On a month-on-month basis, which represents how much momentum there still is in prices, core consumer prices edged up 0.5 per cent in February, while headline CPI went up by 1 per cent.

Mr Holmes noted that the rise in headline CPI month on month was mainly driven by the volatile accommodation component.

“Given the downward pressure on rents from increased housing supply, we doubt this trend will continue. Indeed, it will probably reverse somewhat,” he said.

He noted that food price inflation continues to run ahead of the overall CPI, while increases in recreation and cultural activity prices, particularly holiday expenses, remain especially high.

“While we had thought there was some chance the MAS would look to loosen policy in April, that’s looking increasingly unlikely now,” added Mr Holmes.

Ms Ling said the inflation outlook trajectory remains a tad bumpy in the near term, but largely on track to ease over the medium term.

As for the April monetary policy review, she said MAS is still likely to stay on hold, given that there is no urgency to recalibrate.

Some analysts have been expecting MAS to loosen its monetary policy or weaken the Singdollar as inflation shows some signs of slowing. MTI and MAS maintained their estimates for both core and headline inflation in 2024 at 2.5 per cent to 3.5 per cent.

Data showed that accommodation inflation picked up the most in February, to 3.9 per cent, up from 2.1 per cent in January.

This was led by the additional service and conservancy charges (S&CC) rebates that were disbursed in January. As additional S&CC rebates were not given in February, year-on-year inflation for housing maintenance and repair rebounded in February.
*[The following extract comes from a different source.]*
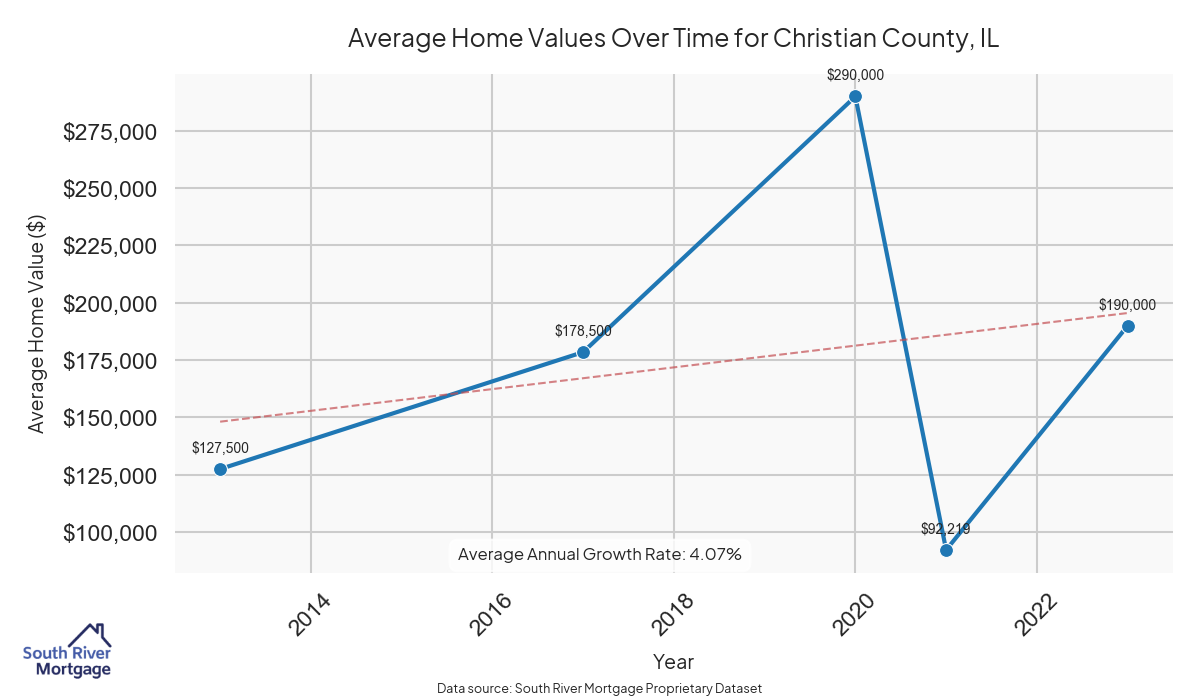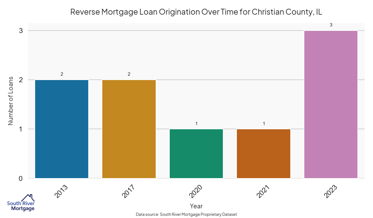In 2024, there were 9 active reverse mortgage loans in Christian County, Illinois. The average home value in Christian County is $224,899.44.
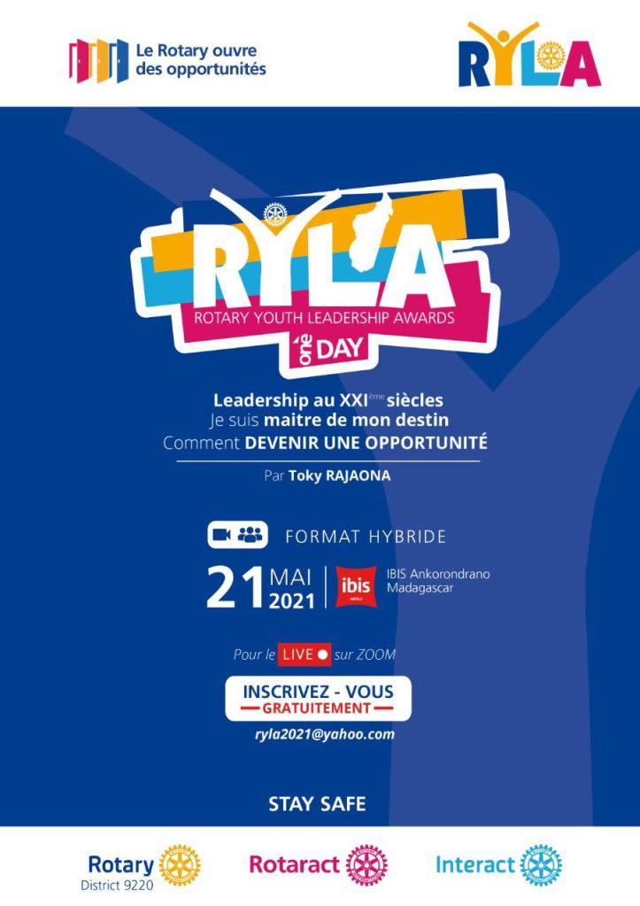 Cette année le RYLA (Rotary Youth Leadership Awards) s’est tenu le 21 mai 2021 toute la journée en hybride, c’est-à-dire à la fois en présentiel à l’hôtel IBIS Ankorondrano mais aussi en virtuel via Zoom.

Services inflation rose to 4.2 per cent, mainly due to higher airfares and a steeper increase in holiday expenses, while food inflation went up to 3.8 per cent.

Bucking the trend was private transport inflation, which recorded the largest decline in February due to a slower rate of increase in car prices. Private transport inflation was down to 1.4 per cent, lower than the 2.9 per cent in January.

Electricity and gas inflation dipped slightly to 5.2 per cent in February, led by a slower pace of increase in electricity costs.

Inflation for retail and other goods also edged lower to 1.2 per cent in February, from 1.4 per cent the previous month.

Correction note: This article has been edited for accuracy.